When Richard Dawkins can compare faith to smallpox, but worse he said, because it's harder to eradicate, we're in trouble. When the governor of a large state with which I am very familiar can proclaim at a press conference that God, prayer, and faith have absolutely nothing to do with our recovery from COVID and receive a standing ovation, you know our ratings have sunk folks. This fault line separating religious Americans from secularists has been recently documented in a new book; perhaps you're familiar with it, Secular Surge, that validates this hunch.

This anti- religion, this book would claim, comes from secularists who will tolerate religion as long as it's just considered some eccentric, private hobby for superstitious, unenlightened folks, limited to an hour on the Sabbath, with no claimed voice in the public square. Oh, such a course is hardly free exercise. It was Michelle Obama who pointed out our faith just isn't about showing up on Sunday, it's about what we do Monday through Friday.
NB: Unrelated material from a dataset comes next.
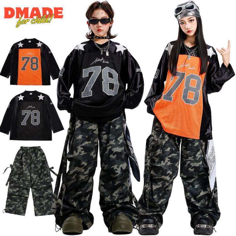 キッズ ダンス 衣装 オレンジ 迷彩 パンツ セットアップ ベースボールシャツ Tシャツ 長袖 男の子 女の子 ヒップホップ KPOP 韓国 練習着 発表会 チーム ストリート系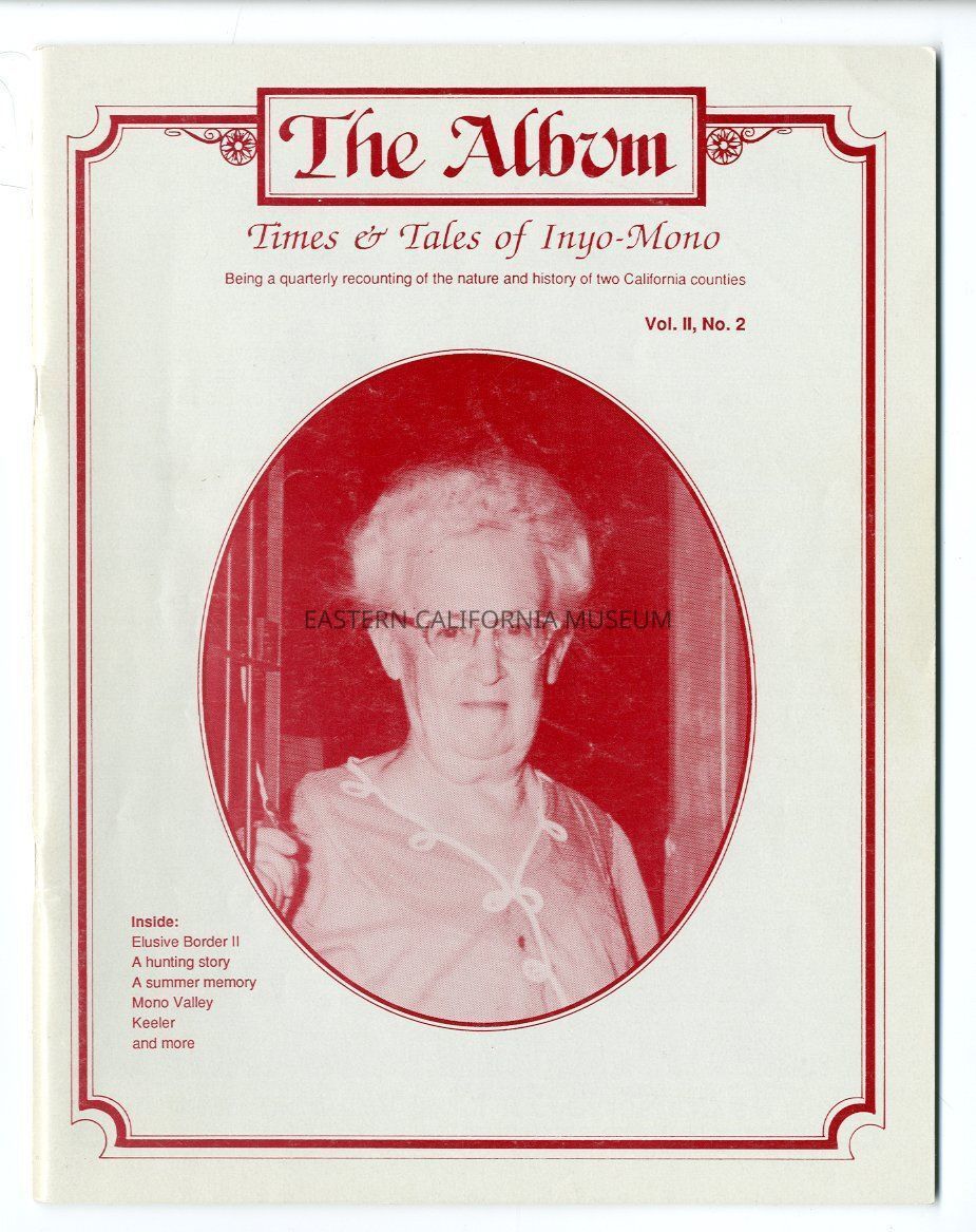 "The Album, Vol. 2, No. 2, April 1989" contains the following articles: The Elusive California Nevada Border Part II, My Mountain is Always Good to Me, The Cabin, A Sentimental Photo Essay, Bits of History to Gnaw On Documents of the Stamp Act, Israel Views Mono Valley, Lillian's Keeler, and A Recipe for Foragers.Publication Details

Or as the Jewish scholar David Novak comments, “since I am a religious member of a democratic society I can make only a religious case for human rights in good faith, secularists should make their own arguments by themselves and I'm always ready prepared to listen to them carefully since I want to live in peace with them. Nevertheless, secularists should be able to do so without denying me the right to connect my religious belief to my political advocacy, just as I should be able to do so without denying them the right to connect their nonbelief to political advocacy.”

And from this antagonism to religion that we see today I fear comes the direct intrusion of government into the very definition of the church’s ministries message and meaning.
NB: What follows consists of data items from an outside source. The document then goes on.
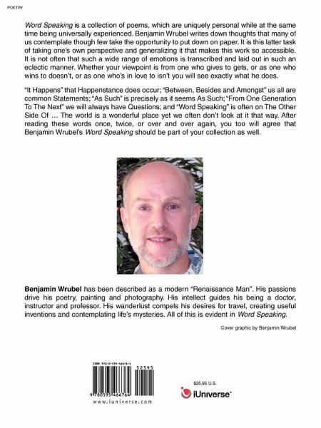 Word Speaking is a collection of poems, which are uniquely personal while at the same time being universally experienced. Benjamin Wrubel writes down thoughts that many of us contemplate though few take the opportunity to put down on paper. It is this latter task of taking one's own perspective and generalizing it that makes this work so accessible. It is not often that such a wide range of emotions is transcribed and laid out in such an eclectic manner. Whether your viewpoint is from one who gives to gets, or as one who wins to doesn't, or as one who's in love to isn't you will see exactly what he does. "It Happens" that Happenstance does occur; "Between, Besides and Amongst" us all are common Statements; "As Such" is precisely as it seems As Such; "From One Generation To The Next" we will always have Questions; and "Word Speaking" is often on The Other Side Of . The world is a wonderful place yet we often don't look at it that way. After reading these words once, twice, or over and over again, you too will agree that Benjamin Wrubel's Word Speaking should be part of your collection as well.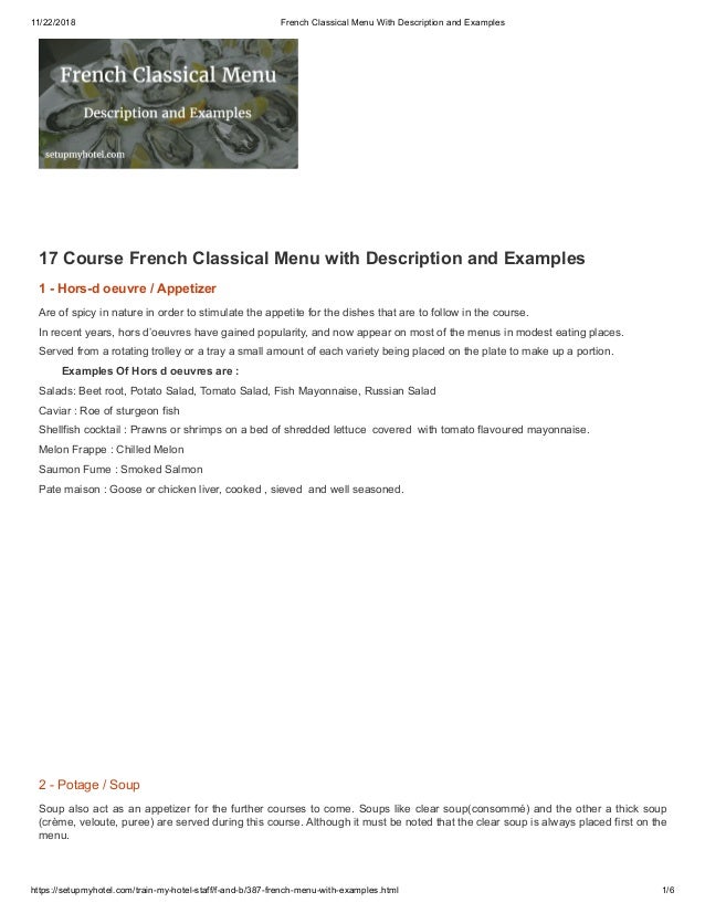 17 Classical Menu - Nouvelle's menus less extensive, smaller.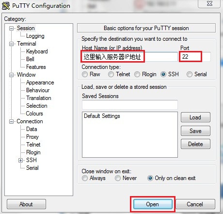 下载完成后,打开软件,分别输入IP地址,端口默认是22,如有修改端口,请对应填写,点击打开,如图1-4所示:

Republicans and Democrats alike have long agreed the First Amendment's guarantee of religious liberty includes not only what goes on within the four walls of the church, but also the religiously motivated acts of service that fulfill the mission of that church. Now I'm afraid we often hear that we must leave our conscience behind when we step into the public square.

Folks thanks for paying attention. Maybe you'll agree that the four mischaracterizations of religious liberty, there may be more, that I've just tried my best to outline are in fact accurate and that correcting them provides us with a lot of homework. Dean Cole, what a gift this law school has been and what a boost it is to have you sponsor this extraordinary event. Father Hesburgh said that the Catholic university is where the church does a lot of its thinking and we need a lot of good thinking on this sacred issue of religious freedom.
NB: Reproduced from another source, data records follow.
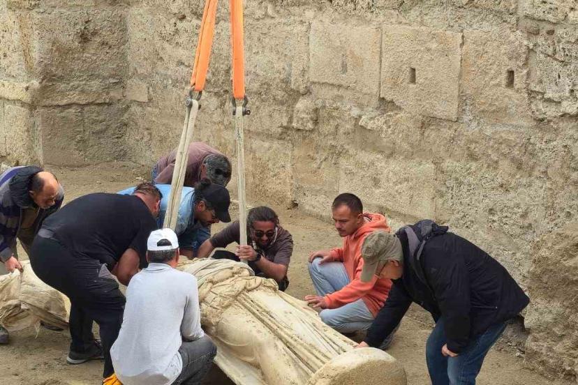 Yaklaşık 2 metre uzunluğundaki heykelin baş kısmı henüz tespit edilemezken beyaz mermerden yapılmış olması dikkat çekti.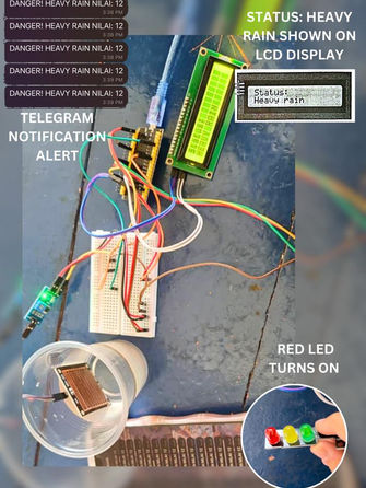 A circuit design was created to ensure that electricity flowed through every wire and that the components functioned properly. The electrical components, such as the rain sensor, were controlled by the ESP32, which was programmed using the Arduino Software, also known as the Arduino IDE. The sensors were used to determine the rainfall intensity each hour. Following the conclusion of the system's coding, testing and problem repair were performed to ensure that each sensor could produce real data. The system's housing was created following the completion of the various software components.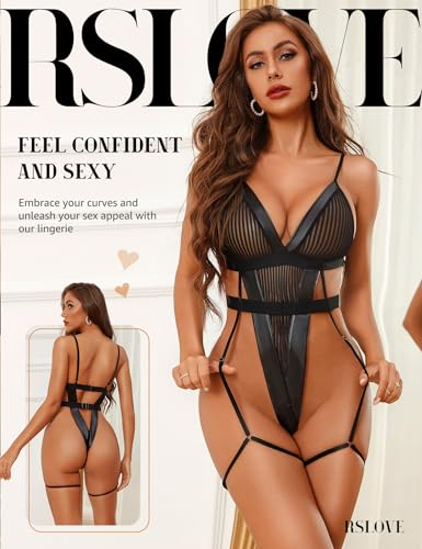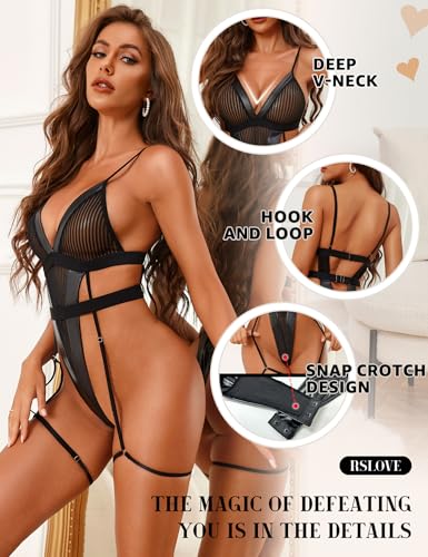RSLOVE Strappy Teddy Lingerie with Garter - Mesh Bodysuit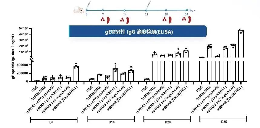 申基与VZV疫苗项目的合作者一起设计开发mRNA疫苗。抗原选择—序列设计—体外转录—mRNA-LNP制备—动物实验,经过一步步实验验证,设计的VZV_mRNA1和VZV_mRNA2带状疱疹mRNA疫苗在小鼠身上表现出了非常强的免疫效果。另外,在合成VZV_mRNA1和VZV_mRNA2时,特使用了申基自主知识产权的新帽类似物Cap5(ENE)和传统的m7GpppAmG,以评估Cap5(ENE)的实验效果。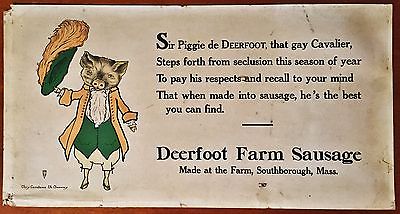 1920's TROLLEY STREET CAR SIGN SIR PIGGY DEERFOOT FARM SAUSAGE SOUTHBOROUGH MASS

Sadly, maybe you saw a prominent Catholic political leader in D.C. stated that “the church needs to get over this conscience stuff.” 

Well no we don't, and no we can't, not only as believers, as Americans.

All we want to do, along with Cecil Calvert and Roger Williams and William Penn and John Carroll, is to be left alone. All we want along with the parson patriots, Jonathan Edwards, Brigham Young, the abolitionists, William Jennings Bryan, Cesar Chavez, Dorothy Day, Rabbi Abraham Joshua Heschel, and the Reverend Martin Luther King is the freedom to carry the convictions of our faith-armed conscience into our public lives.

That's the freedom that Charles Carroll of Carrollton, the only Catholic to sign the Declaration of Independence, who risked his life, his family, his property, and the revolutionary cause, that's what led him to sign the Declaration as he said, to obtain religious, as well as civil liberties. Thanks for listening everybody.